# [ORACLE 9 & ODBC] ALTER AUTHORIZATION



## uni (20. Mai 2005)

Hallo,

über sogenannte Profile kann man im ORACLE hinterlegen, wann z.B. ein Passwort ablaufen soll (z.B. PASSWORD_LIFE_TIME 90). Nach dieser Zeitspanne bekommt der User den Status "EXPIRED" und er kann sich nur noch mit 

        CONNECT  :user IDENTIFIED BY ldpswd 
        ALTER AUTHORIZATION :newpswd  

anmelden. Ein Anmelden und anschließendes Passwort über 
ALTER USER IDENTIFIED BY ... ändern geht nicht mehr.

Jetzt kommt's:
Ich suche eine Möglichkeit, das auch über ODBC zu machen. In ODBC melde ich mich ja z.B. so an:

iSQLRC = SQLDriverConnect(hdbc, hwnd, chConnectString, ...

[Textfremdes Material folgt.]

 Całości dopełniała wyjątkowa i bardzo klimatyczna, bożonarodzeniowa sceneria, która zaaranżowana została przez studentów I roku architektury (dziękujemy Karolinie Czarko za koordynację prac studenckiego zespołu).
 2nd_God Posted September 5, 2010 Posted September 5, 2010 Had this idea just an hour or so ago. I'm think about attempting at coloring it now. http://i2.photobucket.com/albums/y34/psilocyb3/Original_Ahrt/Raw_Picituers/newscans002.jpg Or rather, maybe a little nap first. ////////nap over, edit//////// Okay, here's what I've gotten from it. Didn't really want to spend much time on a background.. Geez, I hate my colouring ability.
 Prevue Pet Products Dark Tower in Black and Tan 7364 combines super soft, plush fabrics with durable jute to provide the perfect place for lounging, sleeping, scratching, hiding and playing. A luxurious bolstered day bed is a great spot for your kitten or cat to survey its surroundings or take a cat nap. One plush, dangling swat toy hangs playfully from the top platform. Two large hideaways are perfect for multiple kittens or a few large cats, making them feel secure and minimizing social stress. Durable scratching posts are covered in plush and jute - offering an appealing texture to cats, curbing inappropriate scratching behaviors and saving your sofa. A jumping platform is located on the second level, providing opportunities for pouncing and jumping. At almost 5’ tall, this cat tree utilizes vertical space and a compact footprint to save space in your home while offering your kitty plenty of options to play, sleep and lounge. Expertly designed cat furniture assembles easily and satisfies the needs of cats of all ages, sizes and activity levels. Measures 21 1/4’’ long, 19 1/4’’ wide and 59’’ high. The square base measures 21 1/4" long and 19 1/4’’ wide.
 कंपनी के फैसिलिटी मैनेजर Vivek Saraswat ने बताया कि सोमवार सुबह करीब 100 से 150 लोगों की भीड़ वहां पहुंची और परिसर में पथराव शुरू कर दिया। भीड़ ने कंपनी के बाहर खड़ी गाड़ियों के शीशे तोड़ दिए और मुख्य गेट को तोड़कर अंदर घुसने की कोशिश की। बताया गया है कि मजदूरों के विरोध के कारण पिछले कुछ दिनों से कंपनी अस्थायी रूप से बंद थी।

wobei der "chConnectString" z.B. so aussieht:
DSN=MyDB;SERVER=MyDB;UID=uNi;PWD=passwort;

Wo und Wie kann ich hier den "ALTER AUTHORIZATION" Parameter angeben?
Hat jemand eine Idee?


----------



## Exceptionfault (20. Mai 2005)

Vor diesem Problem sind wir auch schonmal gestanden. Unter Windows mit dem Oracle eigenen ODBC/OleDB Treiber kommt nach dem Login automatisch ein eigener Passwort ändern Dialog hoch, wenn das alte Passwort abgelaufen ist.
Bis Oracle 9i schien dieser Dialog aber nicht wirklich zu funktionieren. Außerdem war das Problem, dass die Anwendung nichts davon mitbekam. 
Ab Oracle 10 hat zumindest das Passwort ändern funktioniert und über einen ziemlich ätzenden Worksaround haben wir es geschafft auch der Applikation die neuen Login Daten zur Verfügung zu stellen.

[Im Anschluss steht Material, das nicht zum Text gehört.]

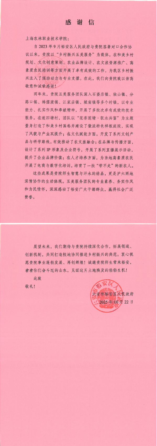 裕安区政府在信中特别指出:“五美服务团队的专业素养、务实作风和为民情怀,得到了裕安广大干部群众的认可,赢得社会广泛赞誉 。”信中还表达了对深化合作的期待,诚邀学院师生常赴裕安,共赏乡村振兴新图景。
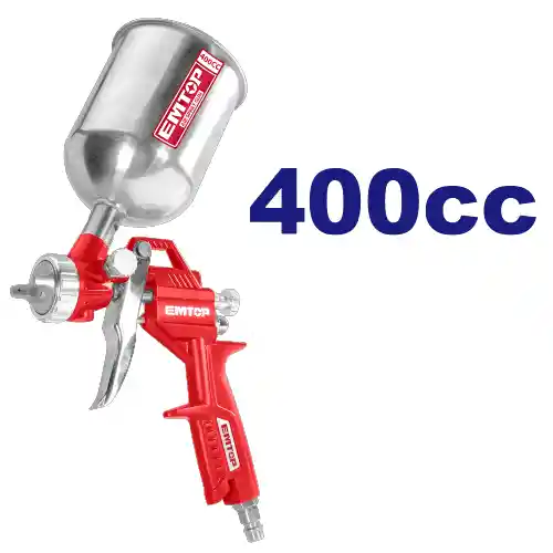 Boquilla estándar: 1,5 mm Ancho del patrón: 180-250 mm Capacidad de pintura: 400 cc Adecuado para capa base Con conector tipo Europa, conector tipo USA, conector tipo Nitto y conector tipo Italia. Boquilla opcional: 1,2-1,8 mm Presión de funcionamiento: 3-4 bar Contras de aire: 4.2-7.1cfm (119-200l / min)
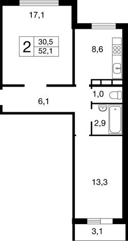 Общая площадь 52.1 м2
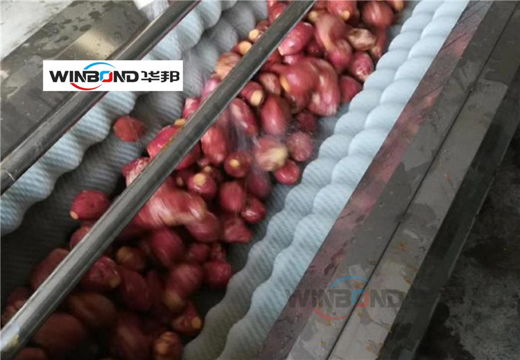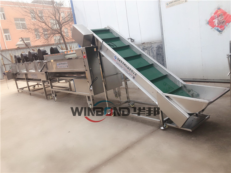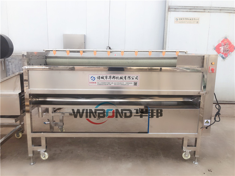 紅薯清洗機 根莖類蔬菜毛輥清洗機各毛輥同向轉動。
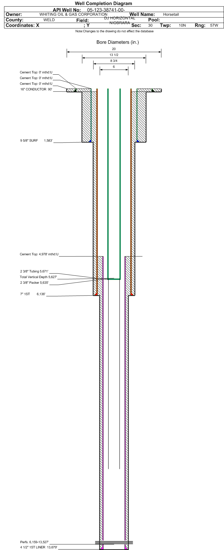 Wellbore #00 Wellbore Classification: OW Status: PR - 4/1/2018 Measured TD: 13684 ft. Vertical TD: 5627 ft.| Wellbore Data for Original Wellbore | Wellbore Classification: OW PR - 4/1/2018 | | Wellbore Permit | HORIZONTAL | | Permit #: | | Expiration Date: | 12/29/2015 | | Proposed Top PZ Location: | Sec:30 Twp: 10N 57W | Footage: 1490 FNL 1875 FWL | | Bottom Hole Location: | Sec:19 Twp: 10N 57W | Footage: 100 FNL 1815 FWL | | Proposed Depth/Form: | 12590 ft. | | Surface Mineral Owner Same: | No | | Mineral Owner: | FEE | Surface Owner: | FEE | | Unit: | | Unit Number: | | | Formation And Spacing: | Code: NBRR , Formation: NIOBRARA , Order: 535-369 , Unit Acreage: 960, Drill Unit: S.19:All,S.30:N/2 | | Casing: | String Type: CONDUCTOR, Hole Size: 16.063 in., Size: 16 in., Top: 0 ft., Depth: 80 ft., Weight: 65 , Citings Type: PLANNED | | Cement: | Sacks: , Top: , Bottom: | | Casing: | String Type: SURF, Hole Size: 13.5 in., Size: 9.625 in., Top: 0 ft., Depth: 1550 ft., Weight: 36 , Citings Type: PLANNED | | Cement: | Sacks: 689, Top: 0 ft., Bottom: 1550 ft. | | Casing: | String Type: 1ST, Hole Size: 8.75 in., Size: 7 in., Top: 0 ft., Depth: 5897 ft., Weight: 29 , Citings Type: PLANNED | | Cement: | Sacks: 396, Top: 0 ft., Bottom: 5897 ft. | | Casing: | String Type: 1ST LINER, Hole Size: 6 in., Size: 4.5 in., Top: 5115 ft., Depth: 12590 ft., Weight: 11.6 , Citings Type: PLANNED | | Cement: | Sacks: , Top: , Bottom: |

Eine andere Alternative wäre z.B. einen Shadow User zum ändern des Passwortes zu nutzen, d.h. wenn der eigene Account abgelaufen ist, zum ändern auffordern und per Shadow User (mit ALTER USER PRIVILEGE) das Passwort setzen und den Account wieder unlocken.

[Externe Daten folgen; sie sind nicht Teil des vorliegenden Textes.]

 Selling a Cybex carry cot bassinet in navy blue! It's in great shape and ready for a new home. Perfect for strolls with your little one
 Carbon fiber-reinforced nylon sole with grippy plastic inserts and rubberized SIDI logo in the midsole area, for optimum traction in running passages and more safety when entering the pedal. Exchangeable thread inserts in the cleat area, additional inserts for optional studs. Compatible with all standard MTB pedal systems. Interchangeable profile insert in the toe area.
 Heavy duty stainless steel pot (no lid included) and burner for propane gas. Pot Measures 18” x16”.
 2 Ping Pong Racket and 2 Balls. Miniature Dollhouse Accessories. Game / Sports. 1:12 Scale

Würd mich aber auch interessieren ob es da elegantere Möglichkeiten gibt.


----------



## uni (20. Mai 2005)

Hallo Exceptionfault,

schön, das ich mit diesem Problem nicht allein bin   

Ein Ansatz ist der PASSWORD_GRACE_TIME Parameter im Profile. Über diesen kann man zumindest eine "Gnadenfrist" einstellen. Es kommt zwar eine Warnung

ORA-28002: Kennwort läuft innerhalb von n Tagen ab   

, aber man kann sich zumindest noch anmelden und dann "normal" das Passwort ändern.

Eine andere Idee ist, eine DLL zu programmieren, die das Statement

CONNECT :user IDENTIFIED BY ldpswd 
ALTER AUTHORIZATION :newpswd 

problemlos absetzen kann...
Dieses müsste man halt dann bei Returncode

ORA-28001: the password has expired 

aufrufen.


----------



## Exceptionfault (20. Mai 2005)

uni hat gesagt.:
			
		

> Dieses müsste man halt dann bei Returncode ORA-28001: the password has expired aufrufen.



Wir verwenden den Oracle ODBC Treiber, also nicht den Standard von Microsoft. Bei dem von Oracle kommt eben dieser Return code gar nicht bis zur Applikation durch. Vorher erscheint vom ODBC Treiber der Passwort ändern Dialog der ab 10g sogar funktioniert ;-)



			
				uni hat gesagt.:
			
		

> Ein Ansatz ist der PASSWORD_GRACE_TIME Parameter im Profile. Über diesen kann man zumindest eine "Gnadenfrist" einstellen.



Geht halt leider nur, wenn man sich in der Zeit auch anmeldet. Wenn ein User über die Grace Time in Urlaub ist ist das Gemecker hinterher wieder groß *g* Die User eben....


----------



## uni (23. Mai 2005)

Hallo Exceptionfault,

Dank' dir für deine Hilfe.


----------